The 8 and 9.8 tohatsu 2 stroke are the same motor only difference is carb 

also some motors just run strong same model just production variations 

If you put a 15 hp carb and tuner on a 8 hp merc it will scoot ... horrible idle though ... uses lots of gas ...


----------



## hennavin (Jan 24, 2010)

NoeEttica,

the merc I am looking at is a 2000 8 hp and the other is a 2003 yamaha 9.9 hp. $650 for the merc and $800 for the yammie. what do you guys suggest?


----------



## noeettica (Sep 23, 2007)

If 2 stroke get the yamaha


----------



## firecat1981 (Nov 27, 2007)

I'd go with the 9.9hp yammi, it literally has 20% more power then an 8hp and it's 3 years newer for the same weight class. Thats assuming they are both 2-strokes or both 4-strokes.

Frank, why would you be running the same prop on both motors?
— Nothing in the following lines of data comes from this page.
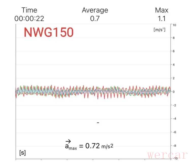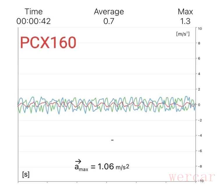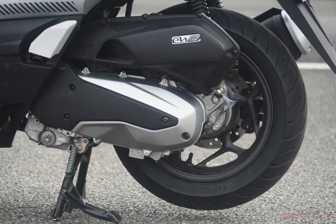 根据官方资料,NWG150所装备的eW15发动机最大功率为11.4kw,电喷系统来自博世。与本田系的另一家合资品牌不同,eW15发动机是在保持了与PCX160相同缸径的前提下稍微缩短了活塞行程以获得免缴购置税的资格。如此一来短活塞行程的特性也让eW15发动机性格更加偏向于高转速域,能做到更迅速的油门响应和更活跃的发动机动态。基于这种改变,五羊-本田同时调整了eW15的传动输出,低速域的加速体感与更大排量的版本相比并没有明显的削弱,反而是在震感和运行品质上的表现还要更好一点,用手机震感APP测试也证明了这一点。
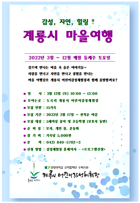 | 3¿ù °è·æ½Ã ¸¶À»¿©Çà(°øÁ¤¿©Çà) ½Åû¾È³» (À¯¾Æ¹× ÃʵîÇлý ´ë»ó) | |||||
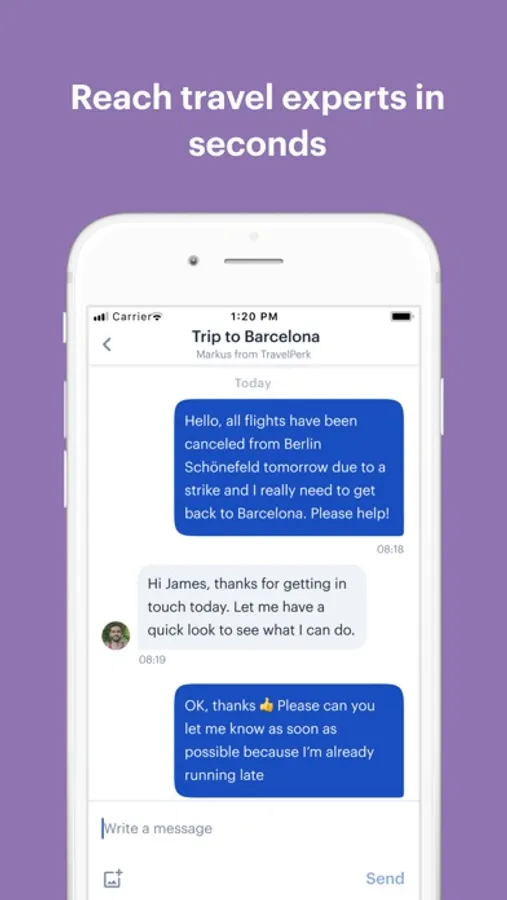 Traveling for work just got better! The TravelPerk Trip Assistant is here to make sure that all your travel plans go smoothly. It’s your direct line to real travel agents (never chatbots), no matter where you are in the world, and no matter the time of day or night. Connect with our experts in just a couple of taps to get quick answers to all your questions and queries.
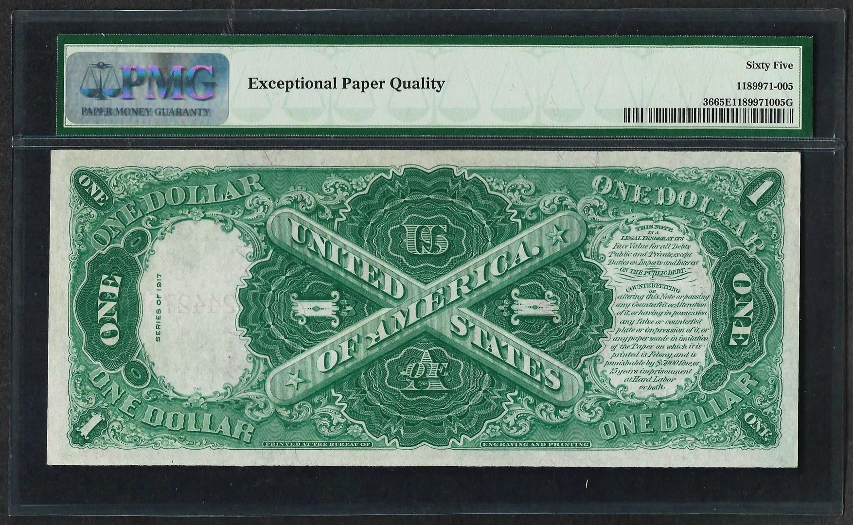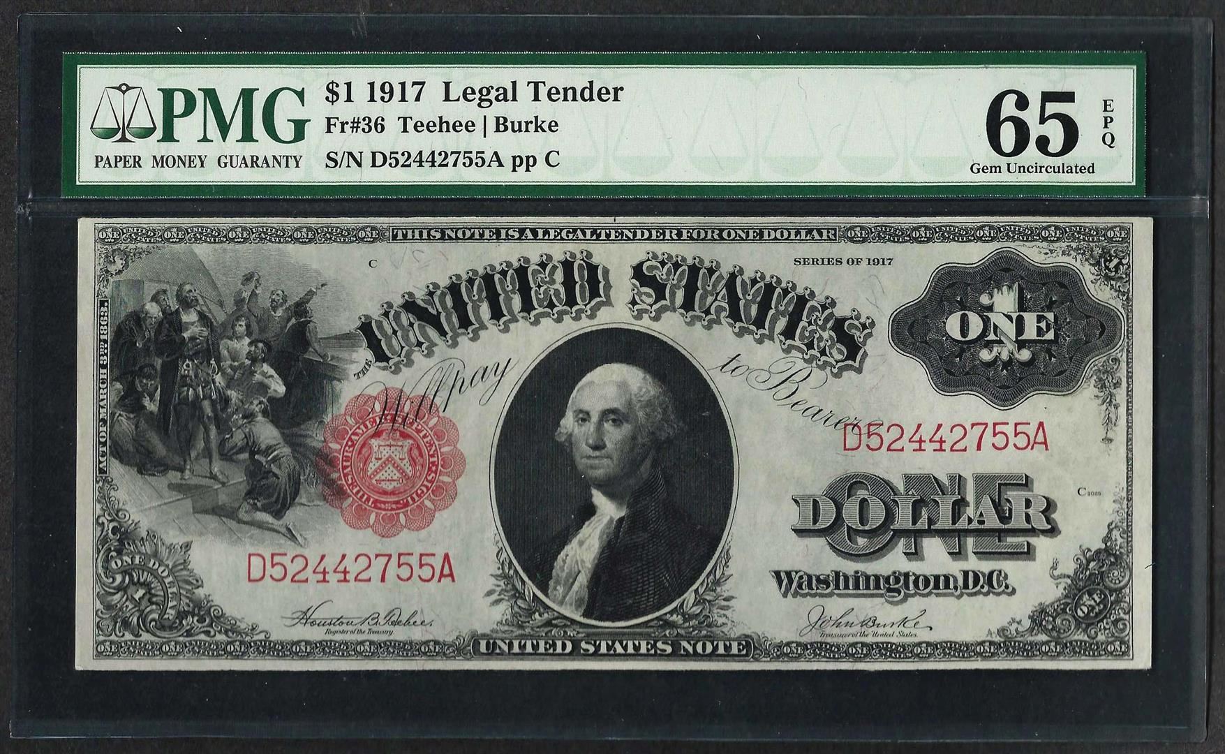 One 1917 $1 Legal Tender Note Fr.36 PMG Gem Uncirculated 65EPQ. PMG Certified.

Wouldn't that be kind of handicapping the 9.8hp since it should be running a higher pitch and thus running faster at speed given equal rpm's?


----------



## noeettica (Sep 23, 2007)

If Its the 4 stroke yamaha it is Too heavy ...

can you PM me photos of both motors cowl off showing carb


----------



## jlee150 (Oct 29, 2009)

Buy the merc, if its a two stroke all u need is a carb to go from an 8, 9.9, or a 15 identical power head diff carbs


----------



## hennavin (Jan 24, 2010)

is the 2006 yami 9.9 4 stoke still to heavy??


----------



## noeettica (Sep 23, 2007)

91 pounds I have run an 87 pound motor on a Highsider ... You may need to run a tiller extension but If you Don't overload the boat it could be doable ...


----------